You make good points, and I will conceed, the attitude is starting to shift in that people demand quality. One thing though is that right now, the demand for immediacy is HUGE. A company uploaded a super HD version of a film 1 week after film realease? To people who want it, that is unacceptable.ron1n said:Yes there will always be people that will want still steal it. That's impossible to completely eradicate. But I think you'd find there would be a large percentage of people who would happily pay for a better service/for more choice. Not only could they potentially convert a number of the people pirating but you also have to take into account the people who have simply stopped watching movies because it's too expensive and they don't want to pirate.
Yes hd rips could go up, but at the very least, it would allow the film industry to control WHEN the rip goes up. After all, do you think people will actually bother downloading a piece of shit cam rip when they know a good quality copy is going to drop in a week or two?
Anyway the point is, even if they can't stamp out piracy all together, they could be making a lot more money and missing out on a lot less if they took some proactive steps toward changing the way they offer their product/service.

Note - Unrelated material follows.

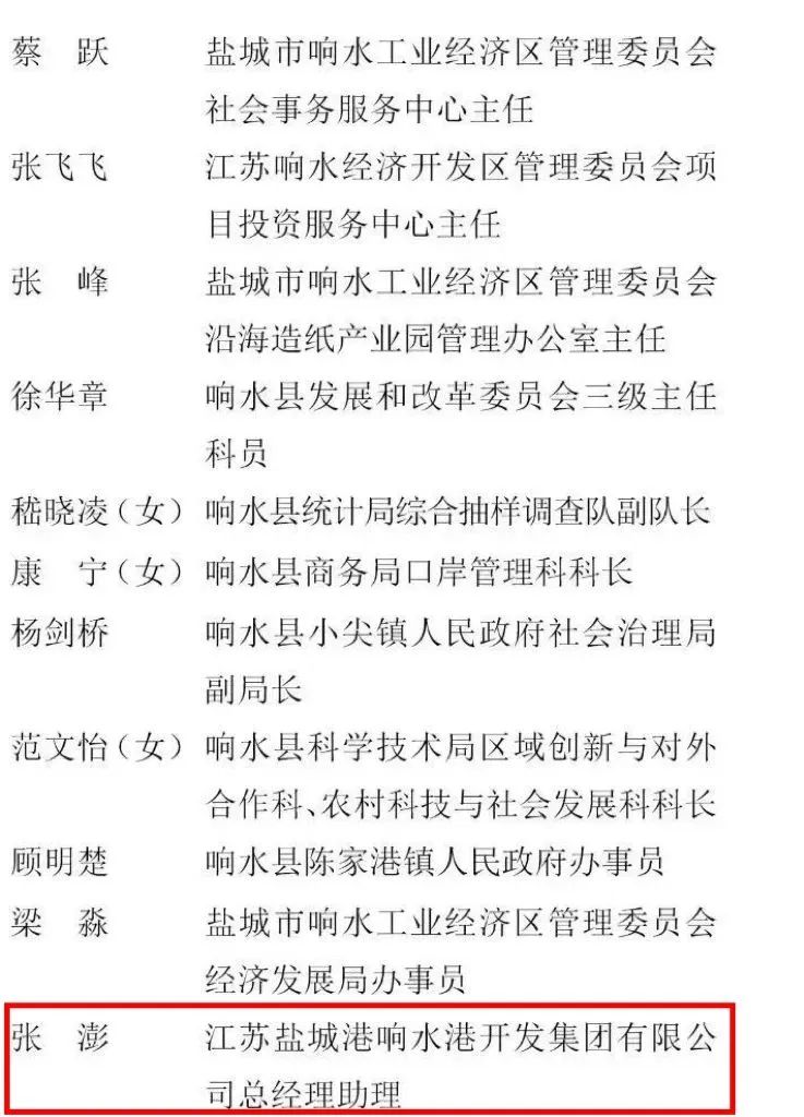 近日,經省委、省政府批準,市委、市政府決定表彰一批鹽城市沿海地區產業高質量發展先進集體和先進個人。江蘇鹽城港響水港開發集團有限公司總經理助理張澎同志榮獲“鹽城市沿海地區產業高質量發展先進個人”榮譽稱號。

A classic example, is that here Game of Thrones used to(or may still) get aired 1 week later than the US. Almost everybody I knew that watcedh GoT already HAD a TV and the appropriate channel payed for, but they pirated it anyway simply because they wanted it sooner.
Its almost impossible for companies to appease the masses. Without a huge cultural shift, or vastly improved servies, right now the main way you stop piracy is by viciously targeting the distributes to dissuade more and more people from sharing. It certainly isnt the best option, but right now its what works until we get a better system in place everywhere.